A lot is said about the Foreign Earned Income Exclusion (FEIE) and the Foreign Tax Credit (FTC) in the U.S. expat community, but little is said about how income is classified. The IRS tax rules state that for both the FEIE and the FTC stipulate that the income being excluded or used for credit must be foreign earned income. But sometimes determining where your income is sourced can be the tricky part.

In general, the IRS classifies income based on where it is earned. Consequently, if you’re working abroad, your income is considered foreign earned. However, if you’re working in the U.S. your income is then considered U.S. earned income (pretty straight forward). However, it should be noted that this holds true, whether a U.S. or a foreign company is paying you while you are in the U.S.

We’ll give you an example to illustrate this point, meet Mark, a U.S. expat like yourself!

(Everyone: “Hi Mark”)

Mark typically works in Spain for Proctor and Gamble. In this scenario, his income can be classified as foreign earned income because he is working abroad. Quite straight forward.

Once a year, Mark takes a business trip back to the states for Proctor and Gamble. The income earned on this business trip cannot be excluded as foreign earned income, because it was not earned abroad.

Even if Mark was always paid in a foreign currency and it was always deposited into his foreign bank account, this portion of his U.S. earned income will have to be separated out from his foreign earned income exclusion claim.

Don’t worry, My Expat Taxes will help sort out what can and cannot be excluded as foreign earned income for you 😉

This difference is important to note because all your income earned worldwide must be reported on your U.S. tax return, both foreign and U.S. earned. That doesn’t always mean you’ll have to pay taxes on foreign earned income as there are several tax considerations that can be applied.
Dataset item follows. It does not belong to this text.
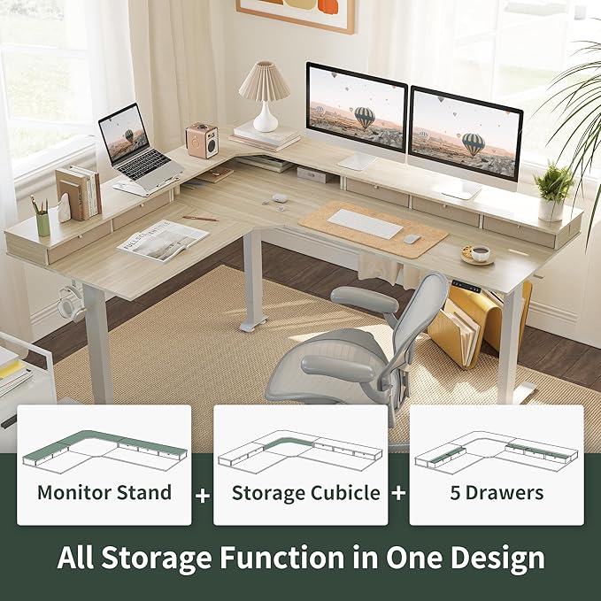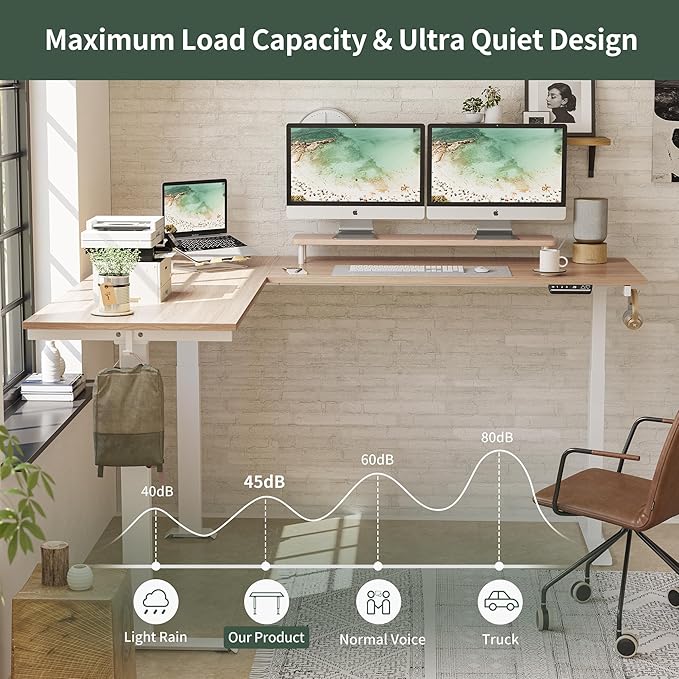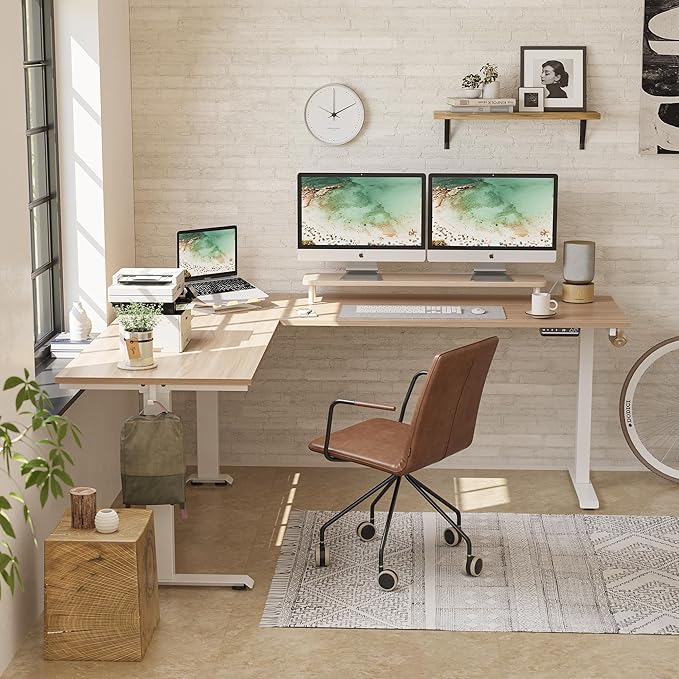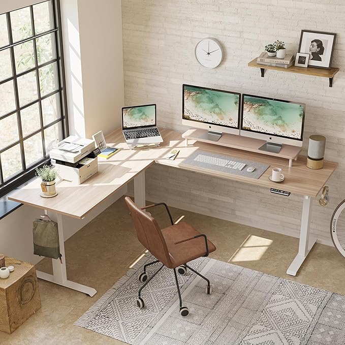 FEZIBO 75 Inches Triple Motor L Shaped Standing Desk Reversible, Electric Height Adjustable Corner Stand up Desk, Sit Stand Desk Computer Workstation, White Frame/Light Walnut Top

These include the Foreign Earned Income Exclusion, which allows you to exclude up to $102,100 of foreign earned income from your 2017 U.S. taxes and the Foreign Tax Credit, which prevents you from being double-taxed on your foreign earned income.

However, keep in mind that everyone’s tax situation is different. And if you have foreign earned income on your tax return, be sure to consider all the possibilities that are available to you to mitigate any potential tax complications.

So You Need To File?

Does it still sound confusing? We understand. As we expressed in the beginning, we know that tax season is extremely stressful even when you live in America, more so when you’re not in America anymore! It seems like all the software solutions out there forgot about us American expat taxpayers and personalized services want to charge us upwards of $500 – $800 just to file! This is why we founded My Expat Taxes because we know that moving abroad is hard enough, but your taxes shouldn’t be…

We are currently in the process of launching a limited version of our application and we invite you to apply as a beta user. Our full product is scheduled to be released for the 2018 Tax Season. So apply now and stay in the loop so you can file your taxes easily and stress-free while abroad!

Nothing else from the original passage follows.